» **TASK GOAL**:
Directions for the data below: repeat exactly the lines from the one with "- czerwiec 2025" through the one with "牛猄面出 Mm6 25冬最新款高筒靴", both included, and omit all pictures.

» **DATA FOR THIS EXERCISE**:
■ ■ ■ ■

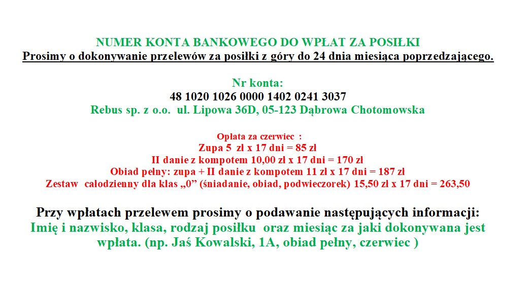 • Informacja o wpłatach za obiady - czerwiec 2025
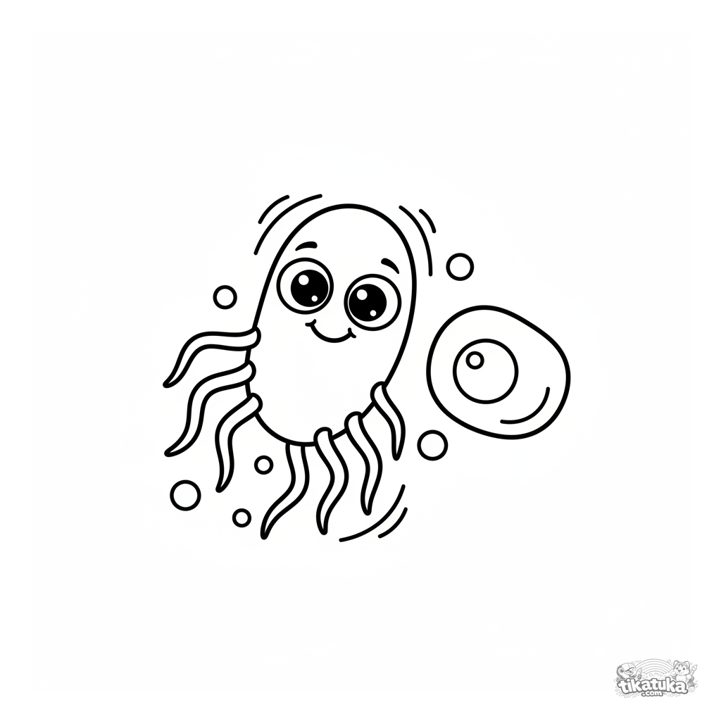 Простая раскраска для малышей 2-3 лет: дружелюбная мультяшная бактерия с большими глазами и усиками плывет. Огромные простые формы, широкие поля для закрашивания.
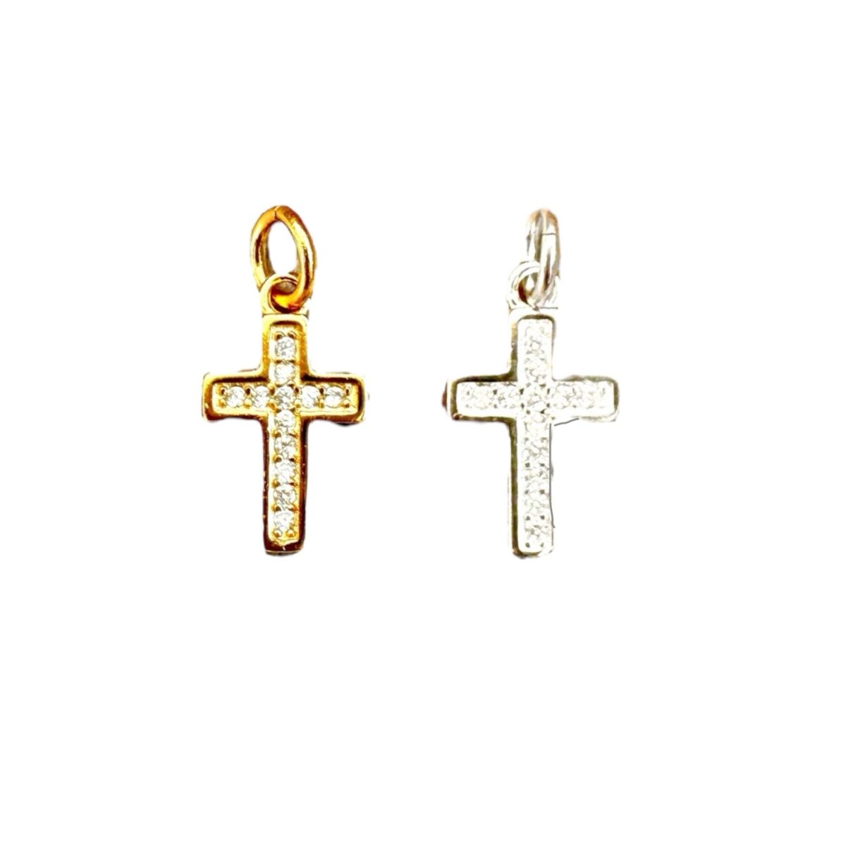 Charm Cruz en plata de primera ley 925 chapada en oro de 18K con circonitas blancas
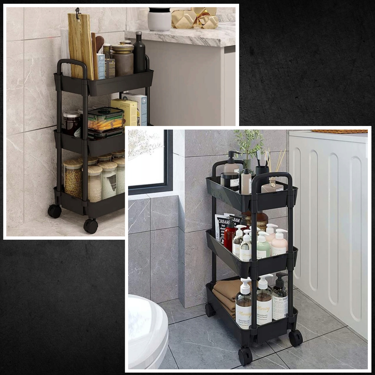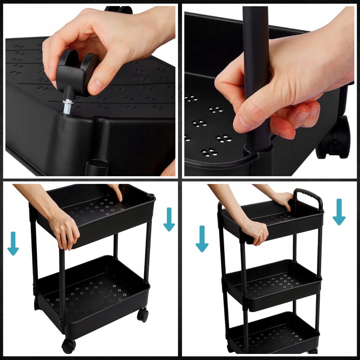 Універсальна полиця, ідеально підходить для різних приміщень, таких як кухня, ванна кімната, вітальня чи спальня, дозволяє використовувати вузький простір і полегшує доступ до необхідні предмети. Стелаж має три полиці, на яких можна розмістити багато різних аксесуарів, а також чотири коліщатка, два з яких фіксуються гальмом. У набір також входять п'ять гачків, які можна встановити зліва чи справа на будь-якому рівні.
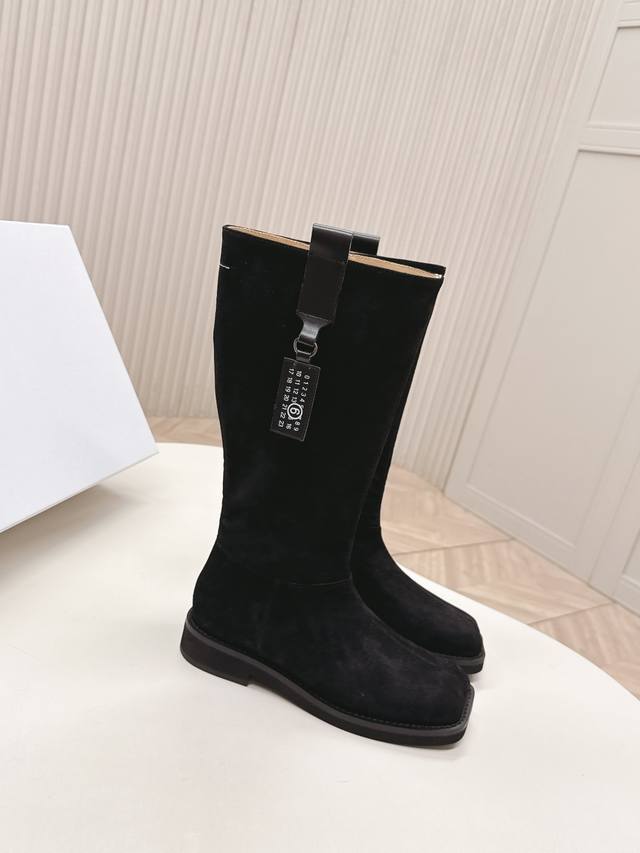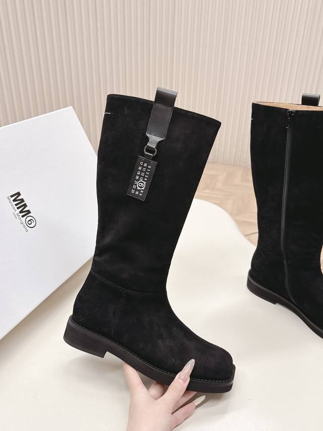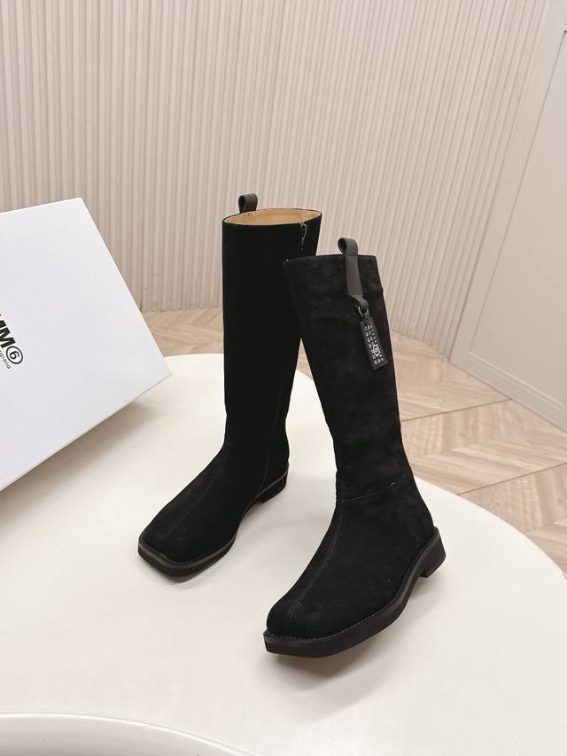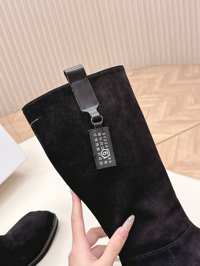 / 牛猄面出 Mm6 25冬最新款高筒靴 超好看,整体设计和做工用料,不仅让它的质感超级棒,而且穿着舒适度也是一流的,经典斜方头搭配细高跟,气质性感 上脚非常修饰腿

■ ■ ■ ■

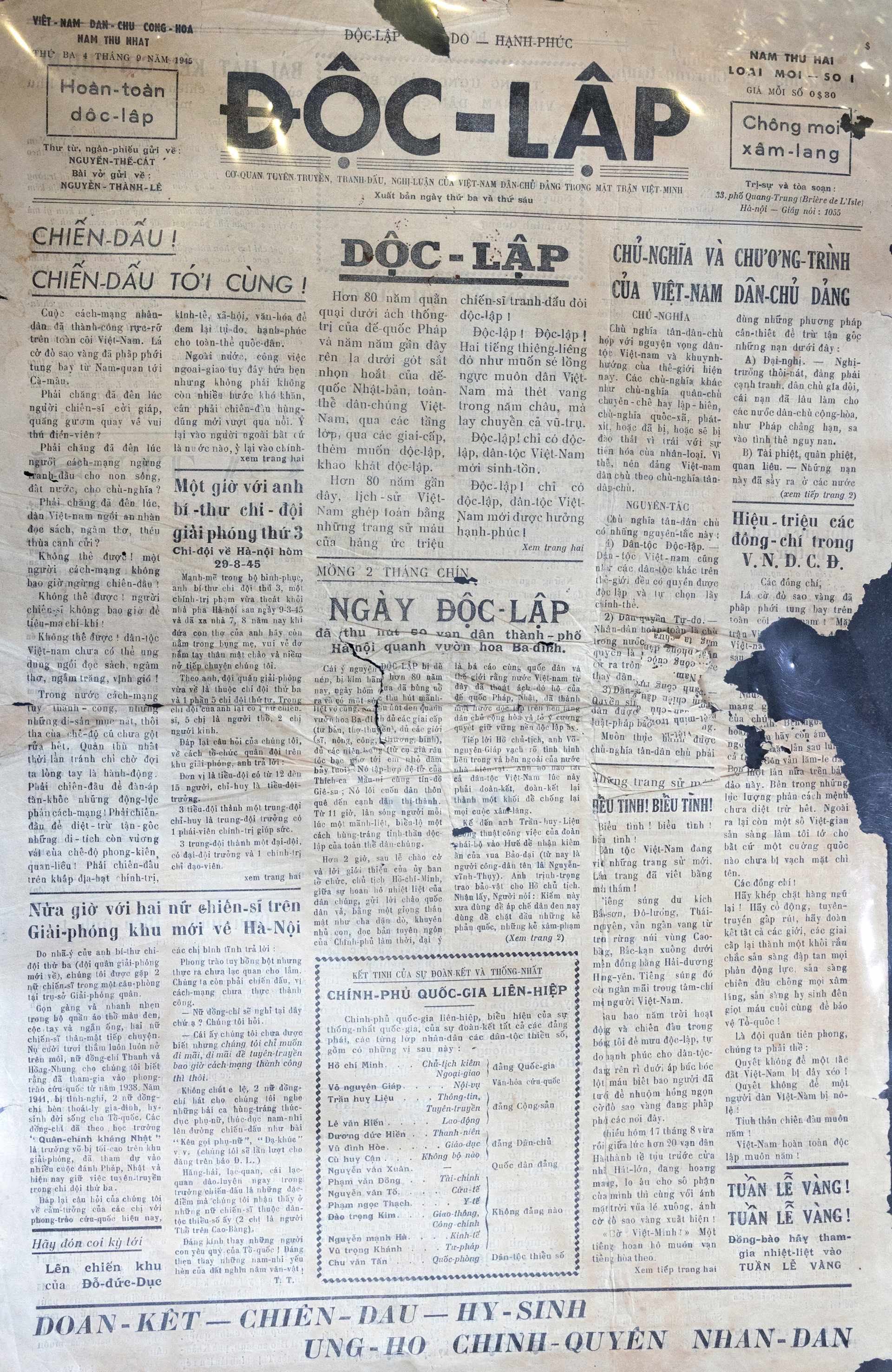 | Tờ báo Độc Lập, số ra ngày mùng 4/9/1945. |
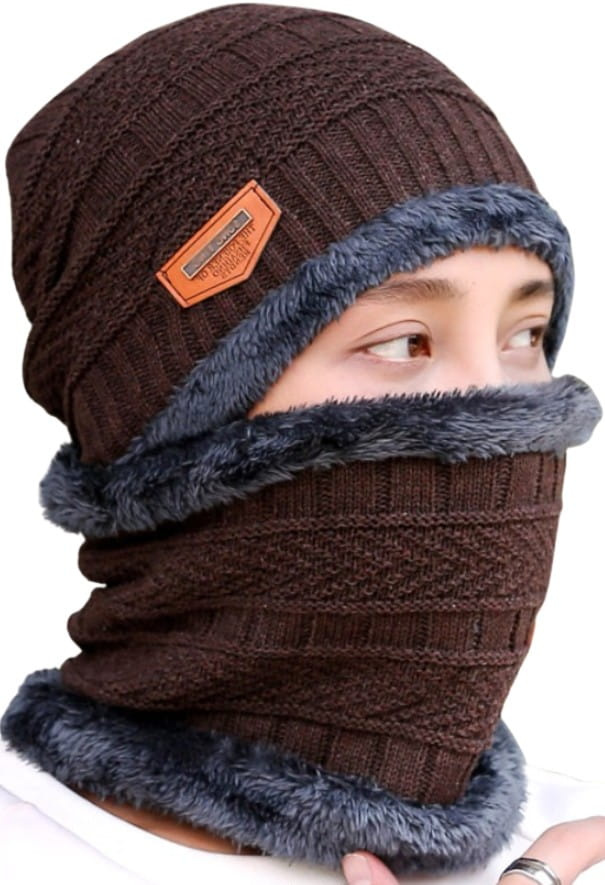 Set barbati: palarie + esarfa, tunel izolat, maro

■ ■ ■ ■

» **TASK RESPONSE**:
 • Informacja o wpłatach za obiady - czerwiec 2025
 Простая раскраска для малышей 2-3 лет: дружелюбная мультяшная бактерия с большими глазами и усиками плывет. Огромные простые формы, широкие поля для закрашивания.
 Charm Cruz en plata de primera ley 925 chapada en oro de 18K con circonitas blancas
 Універсальна полиця, ідеально підходить для різних приміщень, таких як кухня, ванна кімната, вітальня чи спальня, дозволяє використовувати вузький простір і полегшує доступ до необхідні предмети. Стелаж має три полиці, на яких можна розмістити багато різних аксесуарів, а також чотири коліщатка, два з яких фіксуються гальмом. У набір також входять п'ять гачків, які можна встановити зліва чи справа на будь-якому рівні.
 / 牛猄面出 Mm6 25冬最新款高筒靴 超好看,整体设计和做工用料,不仅让它的质感超级棒,而且穿着舒适度也是一流的,经典斜方头搭配细高跟,气质性感 上脚非常修饰腿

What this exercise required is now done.